== Exercise description ==
Go through the listing below and output exactly the line with "By far one of", the line with "Please note: Both", and each line between; omit the rest.

== Data excerpts ==
Start of Block
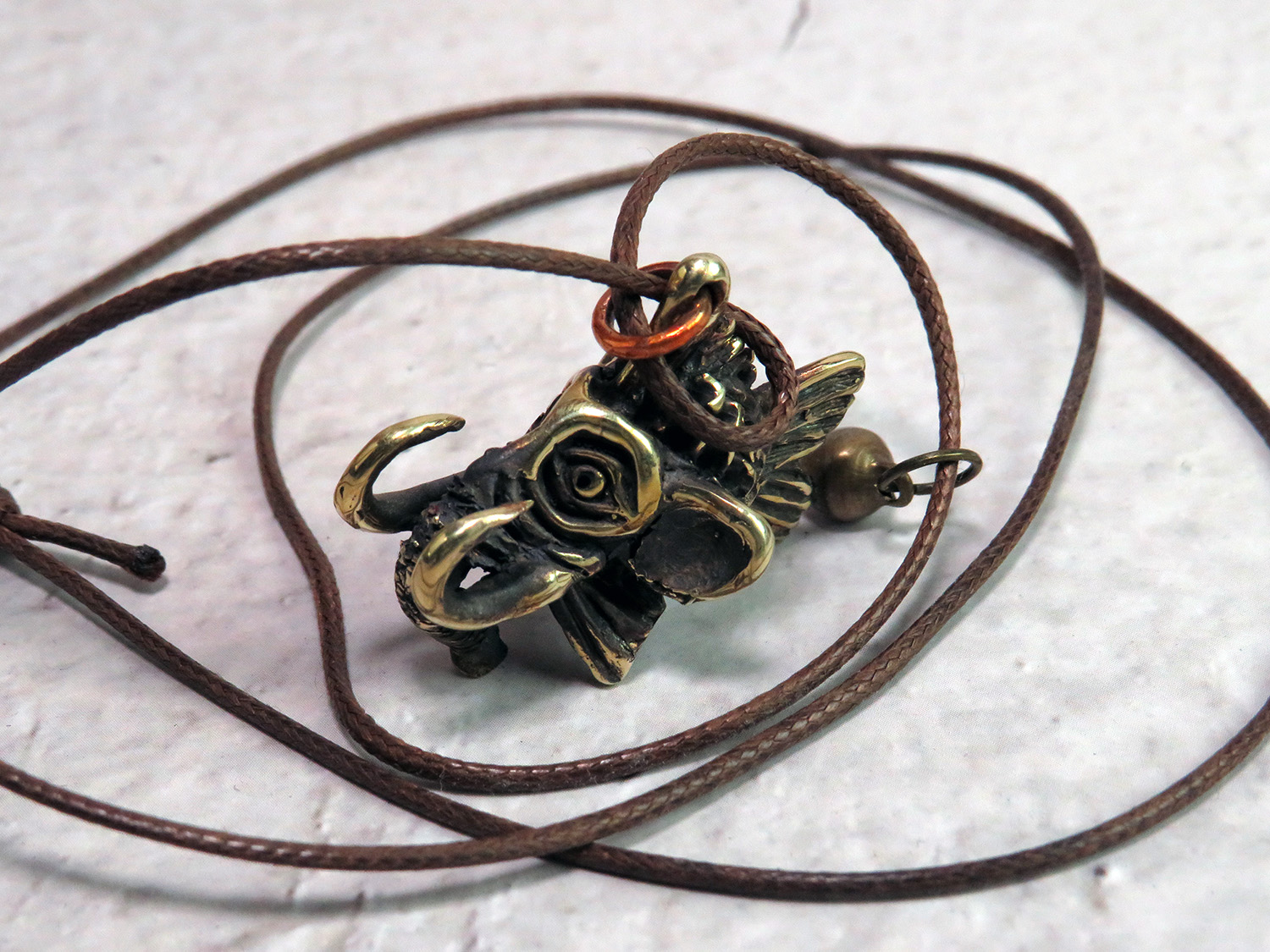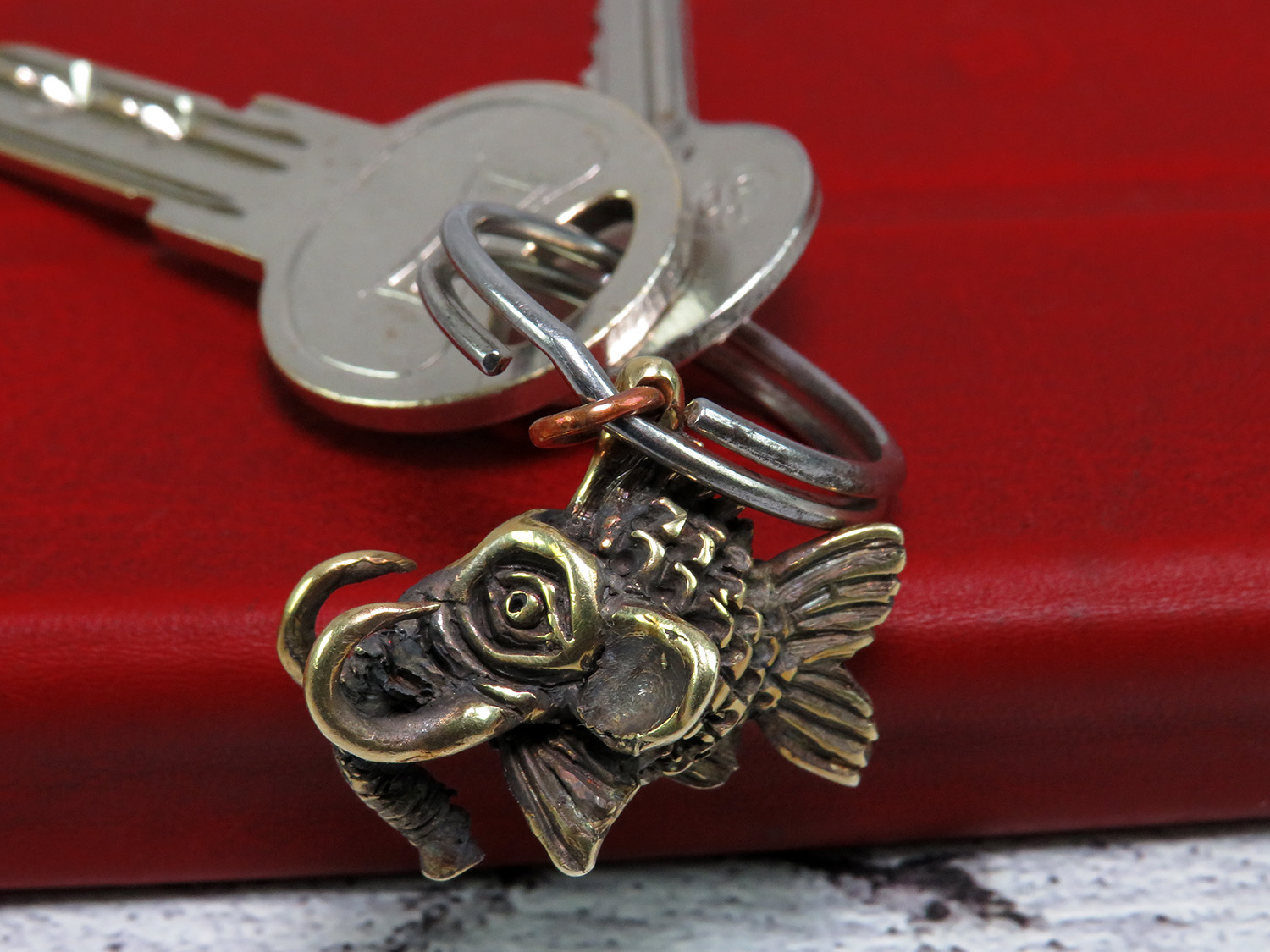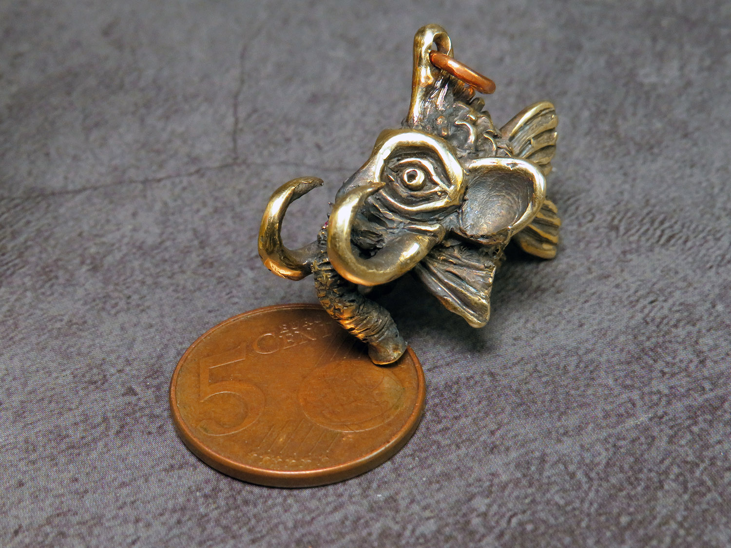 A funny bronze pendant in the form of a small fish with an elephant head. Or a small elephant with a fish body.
End of Block
Start of Block
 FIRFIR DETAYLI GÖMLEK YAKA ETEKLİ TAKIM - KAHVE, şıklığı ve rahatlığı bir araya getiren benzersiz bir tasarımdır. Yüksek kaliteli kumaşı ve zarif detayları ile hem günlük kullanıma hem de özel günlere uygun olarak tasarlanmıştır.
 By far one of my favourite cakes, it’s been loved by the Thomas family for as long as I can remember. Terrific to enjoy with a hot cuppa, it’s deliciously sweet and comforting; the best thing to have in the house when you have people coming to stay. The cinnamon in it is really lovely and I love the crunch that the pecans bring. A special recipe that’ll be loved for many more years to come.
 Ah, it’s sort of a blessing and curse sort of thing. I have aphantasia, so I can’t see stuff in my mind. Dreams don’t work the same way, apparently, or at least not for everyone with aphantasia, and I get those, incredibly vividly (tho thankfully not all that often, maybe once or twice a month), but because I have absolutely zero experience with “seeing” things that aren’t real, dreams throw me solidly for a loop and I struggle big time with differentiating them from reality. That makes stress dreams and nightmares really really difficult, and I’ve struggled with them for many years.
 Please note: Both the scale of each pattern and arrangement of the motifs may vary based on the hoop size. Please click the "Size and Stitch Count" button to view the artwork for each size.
End of Block
Start of Block
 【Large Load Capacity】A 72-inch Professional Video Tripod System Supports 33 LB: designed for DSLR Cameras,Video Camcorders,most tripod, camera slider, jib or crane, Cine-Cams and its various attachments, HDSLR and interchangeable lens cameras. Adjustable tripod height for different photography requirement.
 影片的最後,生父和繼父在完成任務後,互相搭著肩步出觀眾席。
End of Block
== Completed task ==
 By far one of my favourite cakes, it’s been loved by the Thomas family for as long as I can remember. Terrific to enjoy with a hot cuppa, it’s deliciously sweet and comforting; the best thing to have in the house when you have people coming to stay. The cinnamon in it is really lovely and I love the crunch that the pecans bring. A special recipe that’ll be loved for many more years to come.
 Ah, it’s sort of a blessing and curse sort of thing. I have aphantasia, so I can’t see stuff in my mind. Dreams don’t work the same way, apparently, or at least not for everyone with aphantasia, and I get those, incredibly vividly (tho thankfully not all that often, maybe once or twice a month), but because I have absolutely zero experience with “seeing” things that aren’t real, dreams throw me solidly for a loop and I struggle big time with differentiating them from reality. That makes stress dreams and nightmares really really difficult, and I’ve struggled with them for many years.
 Please note: Both the scale of each pattern and arrangement of the motifs may vary based on the hoop size. Please click the "Size and Stitch Count" button to view the artwork for each size.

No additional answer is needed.